On Tue, Sep 02, 2003 at 01:07:47AM -0800, Sean M. Burke wrote:
> At 01:47 AM 2003-09-02 -0700, Michael G Schwern wrote:
> >Would you agree to striking out the "Note that the numbers must start at 1 
> >in
> >each section, and must proceed in order and without skipping numbers" rule
> >from the =over/=back spec for numeric =items?
> 
> No, because that's still true for numeric =items.  What I've implemented is 
> a rule that coerces numeric-seeming =items into being text =items.

Now I'm confused.  Changelog say:

  A list that begins with a "=item [number]" line where number isn't a 1
  is no longer treated as an error but instead is silently coerced into
  being a text-item list, just as if it were "=item wubble" or whatever.

but perlpodspec says this is illegal

           o   An "=over" ... "=back" region containing only
               "m/\A=item\s+\d+\.?\s*\z/" paragraphs, each one
               (or each group of them) followed by some number of
               ordinary/verbatim paragraphs, other nested "=over"
               ... "=back" regions, "=for..." paragraphs, and/or
               "=begin"..."=end" codes.  Note that the numbers
               must start at 1 in each section, and must proceed
               in order and without skipping numbers.
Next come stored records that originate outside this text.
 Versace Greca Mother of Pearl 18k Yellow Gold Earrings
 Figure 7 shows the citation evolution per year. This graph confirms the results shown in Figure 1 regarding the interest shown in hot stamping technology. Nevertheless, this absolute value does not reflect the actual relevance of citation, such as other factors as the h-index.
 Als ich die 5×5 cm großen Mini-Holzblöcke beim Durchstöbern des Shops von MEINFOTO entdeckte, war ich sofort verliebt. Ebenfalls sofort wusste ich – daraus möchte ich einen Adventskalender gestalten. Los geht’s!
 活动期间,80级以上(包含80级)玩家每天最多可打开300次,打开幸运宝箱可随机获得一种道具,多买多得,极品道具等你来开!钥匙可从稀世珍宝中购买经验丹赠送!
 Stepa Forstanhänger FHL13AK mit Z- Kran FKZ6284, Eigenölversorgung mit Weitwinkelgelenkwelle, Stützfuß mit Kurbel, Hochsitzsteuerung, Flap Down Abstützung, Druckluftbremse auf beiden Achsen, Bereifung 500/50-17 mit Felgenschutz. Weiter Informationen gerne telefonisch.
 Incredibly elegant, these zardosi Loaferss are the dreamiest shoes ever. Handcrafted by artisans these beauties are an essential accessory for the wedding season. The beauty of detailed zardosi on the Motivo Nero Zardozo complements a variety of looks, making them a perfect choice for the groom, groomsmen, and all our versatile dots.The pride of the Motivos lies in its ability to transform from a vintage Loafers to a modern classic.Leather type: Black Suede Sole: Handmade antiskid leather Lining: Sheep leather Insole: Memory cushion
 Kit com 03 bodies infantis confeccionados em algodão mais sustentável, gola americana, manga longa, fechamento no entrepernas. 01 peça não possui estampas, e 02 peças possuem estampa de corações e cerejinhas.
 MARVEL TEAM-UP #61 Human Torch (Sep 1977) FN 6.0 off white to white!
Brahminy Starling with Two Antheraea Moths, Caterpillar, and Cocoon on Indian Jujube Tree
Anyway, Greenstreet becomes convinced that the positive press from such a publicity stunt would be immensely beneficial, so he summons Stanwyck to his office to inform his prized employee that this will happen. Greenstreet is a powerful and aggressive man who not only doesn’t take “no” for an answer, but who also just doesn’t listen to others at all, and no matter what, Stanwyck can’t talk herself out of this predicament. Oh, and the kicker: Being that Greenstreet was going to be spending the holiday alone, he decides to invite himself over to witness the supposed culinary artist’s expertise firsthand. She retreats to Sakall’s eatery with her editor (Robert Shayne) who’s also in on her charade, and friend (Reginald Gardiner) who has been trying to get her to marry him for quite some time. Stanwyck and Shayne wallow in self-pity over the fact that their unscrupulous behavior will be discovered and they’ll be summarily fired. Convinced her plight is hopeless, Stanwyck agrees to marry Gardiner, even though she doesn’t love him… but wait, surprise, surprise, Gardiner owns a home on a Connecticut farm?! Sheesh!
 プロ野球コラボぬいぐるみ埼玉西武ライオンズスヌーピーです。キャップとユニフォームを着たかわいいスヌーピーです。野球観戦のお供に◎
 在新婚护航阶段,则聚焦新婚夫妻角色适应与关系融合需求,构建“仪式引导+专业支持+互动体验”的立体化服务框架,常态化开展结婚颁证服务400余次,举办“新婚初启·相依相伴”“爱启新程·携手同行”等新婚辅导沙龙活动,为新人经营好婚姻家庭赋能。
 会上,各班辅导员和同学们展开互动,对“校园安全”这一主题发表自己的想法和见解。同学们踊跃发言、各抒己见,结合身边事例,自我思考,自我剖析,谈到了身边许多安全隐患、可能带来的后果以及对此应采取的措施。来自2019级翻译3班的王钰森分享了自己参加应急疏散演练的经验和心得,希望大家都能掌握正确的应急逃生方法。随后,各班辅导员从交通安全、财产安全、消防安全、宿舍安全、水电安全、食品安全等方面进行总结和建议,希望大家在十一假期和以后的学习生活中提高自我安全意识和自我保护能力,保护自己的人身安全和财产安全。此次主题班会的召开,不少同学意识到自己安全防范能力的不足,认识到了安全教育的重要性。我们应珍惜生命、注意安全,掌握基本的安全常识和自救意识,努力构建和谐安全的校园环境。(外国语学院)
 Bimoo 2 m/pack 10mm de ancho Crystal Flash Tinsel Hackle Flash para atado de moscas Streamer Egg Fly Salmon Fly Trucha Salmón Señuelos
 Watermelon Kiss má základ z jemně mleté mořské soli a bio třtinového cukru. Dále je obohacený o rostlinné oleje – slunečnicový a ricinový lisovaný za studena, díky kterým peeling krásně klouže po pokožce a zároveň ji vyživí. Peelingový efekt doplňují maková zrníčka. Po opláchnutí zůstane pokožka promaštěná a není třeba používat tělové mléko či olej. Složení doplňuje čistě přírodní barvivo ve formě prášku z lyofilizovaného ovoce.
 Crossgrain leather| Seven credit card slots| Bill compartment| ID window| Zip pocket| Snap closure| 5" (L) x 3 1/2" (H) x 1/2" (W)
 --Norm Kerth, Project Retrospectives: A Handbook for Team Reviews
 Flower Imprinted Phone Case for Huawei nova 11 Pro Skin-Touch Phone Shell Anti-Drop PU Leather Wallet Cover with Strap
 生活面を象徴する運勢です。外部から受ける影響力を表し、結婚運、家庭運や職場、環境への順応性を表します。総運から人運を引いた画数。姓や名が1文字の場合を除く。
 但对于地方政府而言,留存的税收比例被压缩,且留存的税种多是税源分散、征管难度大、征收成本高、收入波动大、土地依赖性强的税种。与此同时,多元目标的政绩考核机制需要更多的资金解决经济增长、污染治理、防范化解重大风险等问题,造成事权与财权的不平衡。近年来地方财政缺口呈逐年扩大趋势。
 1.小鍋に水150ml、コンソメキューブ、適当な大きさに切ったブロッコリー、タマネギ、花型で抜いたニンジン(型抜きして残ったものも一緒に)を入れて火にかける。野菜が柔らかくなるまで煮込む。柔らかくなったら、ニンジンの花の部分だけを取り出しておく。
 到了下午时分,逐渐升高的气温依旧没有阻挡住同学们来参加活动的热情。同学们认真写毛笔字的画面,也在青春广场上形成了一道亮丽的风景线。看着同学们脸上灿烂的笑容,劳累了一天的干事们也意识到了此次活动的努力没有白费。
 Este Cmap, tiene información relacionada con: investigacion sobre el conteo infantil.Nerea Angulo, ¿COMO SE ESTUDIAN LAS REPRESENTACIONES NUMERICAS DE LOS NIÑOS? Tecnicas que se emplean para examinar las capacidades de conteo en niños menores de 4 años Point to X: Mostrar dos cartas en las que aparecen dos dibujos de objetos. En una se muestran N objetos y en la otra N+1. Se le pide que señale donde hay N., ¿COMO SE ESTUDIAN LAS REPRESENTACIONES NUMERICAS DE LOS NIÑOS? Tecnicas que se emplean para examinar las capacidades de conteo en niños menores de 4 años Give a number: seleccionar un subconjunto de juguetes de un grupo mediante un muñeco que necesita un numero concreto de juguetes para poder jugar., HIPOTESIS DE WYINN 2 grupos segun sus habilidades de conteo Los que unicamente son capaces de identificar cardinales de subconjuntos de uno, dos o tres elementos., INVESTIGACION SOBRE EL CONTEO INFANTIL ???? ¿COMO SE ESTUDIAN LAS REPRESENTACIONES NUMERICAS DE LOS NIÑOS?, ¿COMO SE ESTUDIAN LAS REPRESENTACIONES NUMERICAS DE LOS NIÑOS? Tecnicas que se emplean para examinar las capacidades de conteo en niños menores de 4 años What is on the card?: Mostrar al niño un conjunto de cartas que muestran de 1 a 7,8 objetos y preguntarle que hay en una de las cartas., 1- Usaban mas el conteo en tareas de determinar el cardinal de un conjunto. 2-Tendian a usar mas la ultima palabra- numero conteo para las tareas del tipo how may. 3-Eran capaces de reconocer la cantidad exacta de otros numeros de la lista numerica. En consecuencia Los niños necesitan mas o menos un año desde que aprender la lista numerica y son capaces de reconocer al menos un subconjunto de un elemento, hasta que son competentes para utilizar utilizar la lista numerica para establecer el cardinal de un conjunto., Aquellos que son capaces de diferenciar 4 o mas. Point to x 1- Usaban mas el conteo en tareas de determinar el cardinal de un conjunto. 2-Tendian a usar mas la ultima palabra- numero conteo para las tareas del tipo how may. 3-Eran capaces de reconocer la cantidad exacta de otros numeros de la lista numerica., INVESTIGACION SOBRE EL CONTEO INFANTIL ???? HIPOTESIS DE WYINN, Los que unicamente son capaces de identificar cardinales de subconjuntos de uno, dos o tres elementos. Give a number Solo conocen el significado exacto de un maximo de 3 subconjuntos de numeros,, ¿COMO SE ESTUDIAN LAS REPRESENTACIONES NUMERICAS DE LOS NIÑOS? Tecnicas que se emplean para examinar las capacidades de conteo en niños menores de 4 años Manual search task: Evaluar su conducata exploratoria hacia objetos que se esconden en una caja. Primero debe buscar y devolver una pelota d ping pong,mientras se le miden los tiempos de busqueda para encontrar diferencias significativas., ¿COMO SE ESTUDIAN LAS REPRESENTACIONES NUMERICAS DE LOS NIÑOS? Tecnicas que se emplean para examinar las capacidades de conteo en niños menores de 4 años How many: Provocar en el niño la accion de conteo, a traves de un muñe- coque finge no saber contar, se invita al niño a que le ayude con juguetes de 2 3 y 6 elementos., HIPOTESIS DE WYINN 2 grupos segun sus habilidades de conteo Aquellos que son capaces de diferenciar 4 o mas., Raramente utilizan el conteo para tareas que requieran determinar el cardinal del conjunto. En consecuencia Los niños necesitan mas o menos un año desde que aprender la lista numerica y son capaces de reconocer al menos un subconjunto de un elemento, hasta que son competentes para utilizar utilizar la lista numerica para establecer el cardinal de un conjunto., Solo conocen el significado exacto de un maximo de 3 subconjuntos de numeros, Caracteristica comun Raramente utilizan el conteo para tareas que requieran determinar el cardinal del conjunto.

Unless I'm reading that wrong, it says that the following is legal because it
contains only numeric items, starts at 1 and proceedes consecutively and in 
order.

  =over 4

  =item 1

  foo

  =item 2

  bar

  =item 3

  baz

  =back

and the following is illegal because it contains only numeric items yet does 
not start at 1 and does not proceede consecutively nor in order.

  =over 4

  =item 42

  foo

  =item 23

  bar

  =item 13

  baz

  =back

But you just changed Pod::Simple to accept that without warning.  Shouldn't
the spec be altered to match?


> >PS  On a related note, I don't understand the whole "=item 1." thing.  Is 
> >that to say that "=item 1." should be considered numeric and equivalent to 
> >"=item 1"?  If so, why is this exception in the spec?
> 
> I'm not sure what you're asking.
> It is my intention in the spec to mean that the two following numeric lists 
> should be considered synonymous:

Ok.  Why?  And why particularly 1. and not 1) or 1:?  Seems an odd and
unnecessary special case.  Unless there's a large body of existing POD
which expects this to be so.


-- 
Michael G Schwern        [EMAIL PROTECTED]  http://www.pobox.com/~schwern/
I need a SHOWER a BURGER and some ROBOTS, STAT!